WORK TO BE COMPLETED ->
Among the lines below, a stretch begins at the one with "Chimenea de leña" and ends at the one with "It was a full". Repeat that stretch exactly, ends included.

INPUT MATERIAL ->

.....

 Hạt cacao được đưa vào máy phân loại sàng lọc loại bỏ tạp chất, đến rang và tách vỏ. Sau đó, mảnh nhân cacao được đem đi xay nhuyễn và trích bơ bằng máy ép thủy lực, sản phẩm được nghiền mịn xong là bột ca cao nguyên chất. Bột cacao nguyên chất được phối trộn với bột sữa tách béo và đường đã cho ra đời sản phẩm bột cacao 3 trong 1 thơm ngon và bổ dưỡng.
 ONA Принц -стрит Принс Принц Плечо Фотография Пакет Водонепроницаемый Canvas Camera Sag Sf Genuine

.....

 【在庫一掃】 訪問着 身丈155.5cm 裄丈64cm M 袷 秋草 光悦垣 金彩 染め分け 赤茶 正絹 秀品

.....

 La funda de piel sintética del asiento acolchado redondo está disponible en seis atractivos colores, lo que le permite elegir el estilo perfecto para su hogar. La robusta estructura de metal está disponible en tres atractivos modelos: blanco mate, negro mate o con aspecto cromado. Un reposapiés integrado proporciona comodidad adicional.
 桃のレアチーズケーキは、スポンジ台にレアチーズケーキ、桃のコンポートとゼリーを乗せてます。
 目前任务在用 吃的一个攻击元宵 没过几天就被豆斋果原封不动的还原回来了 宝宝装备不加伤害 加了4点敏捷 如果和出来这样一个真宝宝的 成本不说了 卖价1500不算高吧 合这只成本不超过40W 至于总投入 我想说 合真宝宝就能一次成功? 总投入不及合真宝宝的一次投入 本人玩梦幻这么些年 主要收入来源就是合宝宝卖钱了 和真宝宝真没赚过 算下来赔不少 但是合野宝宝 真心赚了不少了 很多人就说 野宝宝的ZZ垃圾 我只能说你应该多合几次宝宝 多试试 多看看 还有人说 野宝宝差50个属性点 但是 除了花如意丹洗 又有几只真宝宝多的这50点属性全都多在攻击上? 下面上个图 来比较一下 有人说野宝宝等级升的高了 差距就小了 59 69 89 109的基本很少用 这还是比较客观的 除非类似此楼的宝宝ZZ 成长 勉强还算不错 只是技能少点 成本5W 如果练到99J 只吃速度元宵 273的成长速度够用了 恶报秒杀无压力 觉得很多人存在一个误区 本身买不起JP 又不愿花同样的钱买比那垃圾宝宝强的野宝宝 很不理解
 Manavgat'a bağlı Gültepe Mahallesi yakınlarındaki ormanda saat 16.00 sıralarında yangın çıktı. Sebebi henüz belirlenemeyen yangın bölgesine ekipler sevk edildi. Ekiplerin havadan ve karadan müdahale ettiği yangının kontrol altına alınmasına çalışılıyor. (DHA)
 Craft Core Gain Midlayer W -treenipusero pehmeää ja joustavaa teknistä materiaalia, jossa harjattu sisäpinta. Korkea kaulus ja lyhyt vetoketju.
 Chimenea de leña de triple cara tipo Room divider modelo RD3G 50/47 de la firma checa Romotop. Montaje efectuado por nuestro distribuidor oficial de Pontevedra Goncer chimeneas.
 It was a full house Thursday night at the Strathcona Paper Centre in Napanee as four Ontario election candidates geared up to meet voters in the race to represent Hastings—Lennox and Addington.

.....

COMPLETED EXERCISE ->
 Chimenea de leña de triple cara tipo Room divider modelo RD3G 50/47 de la firma checa Romotop. Montaje efectuado por nuestro distribuidor oficial de Pontevedra Goncer chimeneas.
 It was a full house Thursday night at the Strathcona Paper Centre in Napanee as four Ontario election candidates geared up to meet voters in the race to represent Hastings—Lennox and Addington.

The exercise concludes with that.